South Sudan: Interview with Paul Oleyo Longony, Boma Community Initiative
As South Sudanese vote on becoming an independent state, in what has internationally been billed as a “new dawn” and “new chapter in history” for the long-suffering and neglected South, ethnic minority communities harbour guarded optimism.
MRG’s Africa Regional Information officer, Mohamed Matovu, talked to Paul Oleyo, the Executive Director of Boma Community Initiative (a Sudanese organisation working on peace-building based in Boma, Jonglei State , South Sudan) on the situation for minority communities in the South amidst the referendum vote.
What is the situation like as people cast their ballot?
I am in Boma and have just finished casting my vote. The situation is calm and there’s a high voter turnout. By end of the day yesterday about 15,000 people turned up in Boma alone and the queues are still long, going into day two of the referendum.
Have members of minority communities embraced the exercise with as much enthusiasm?
Unfortunately not. Firstly, because many of them have systemically been excluded from political participation over time, many don’t really know what is happening right now or its implications for their situation. Secondly, many of them live in ‘hard to reach’ areas and because there were no provisions for vehicles or other transport means to carry ballot papers, many will sadly not participate. Thirdly, due to inter-ethnic clashes, some community members fear it is not safe for them to move to some voting centres.

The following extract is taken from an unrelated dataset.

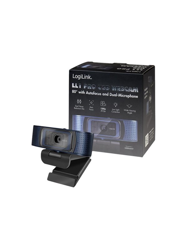 LogiLink HD USB webcam Pro 80° dual microphone auto focus privacy cover

Is this security scare a spill-over of the violent episodes that have been reported in the disputed Abyei region?
No doubt. Moving forward, it’s as if the referendum result is a foregone conclusion. However, tension is now rising regarding the ownership of Abyei and this situation is not helped by self-seeking politicians who are playing the ethnic card to incite violence. For instance, the Government of South Sudan is accused of supporting the Dinka in Abyei to vote in favour of joining the South while the Khartoum government is accused of supporting the Missseriya, Arab nomads who claim grazing rights for their cattle in Abyei, to vote in favour of joining the North. The result has been those clashes you read about in the media and there may be more if the situation is not handled intelligently.
Logistical challenges notwithstanding, do minority communities involved in the referendum exercise share in the optimism that this is a new day for them or their communities?
One thing for sure is that minority communities were not sensitised as they ought to have been. But after several decades of leadership from the North in which they didn’t see their situation change at all, many know things are going to change. How much? Nobody knows.
Was there no national conversation at all in the run up to the referendum regarding how minorities in the South want to be governed?
That is the unfortunate bit. There was not enough time to talk about post-referendum governance issues. The political tide, including the international community, was obsessed with the referendum. How we move from the referendum or how we share political and economic resources will be another thorny issue which many critics have predicted might throw us back into ethnic clashes.
Isn’t there is a real chance of minorities getting a raw deal in a newly independent South State?
It is too early to say, especially when you look at the current governance structure of the Government of South Sudan, which has three minority community representatives. Of course our issues as minorities go beyond three representatives and our strategy is to engage the new government with a dossier of minority communities’ minimum demands immediately after the referendum.
As a member of the civil society, what are some of these minimum demands you’ll put before the new government?
As civil society, we feel minorities crucially need access to basic services. Right now most minority communities in the South access basic services from Boma town which is very far from where many of them live. We need roads, health services, education facilities as well as equitable distribution of the national resource envelope.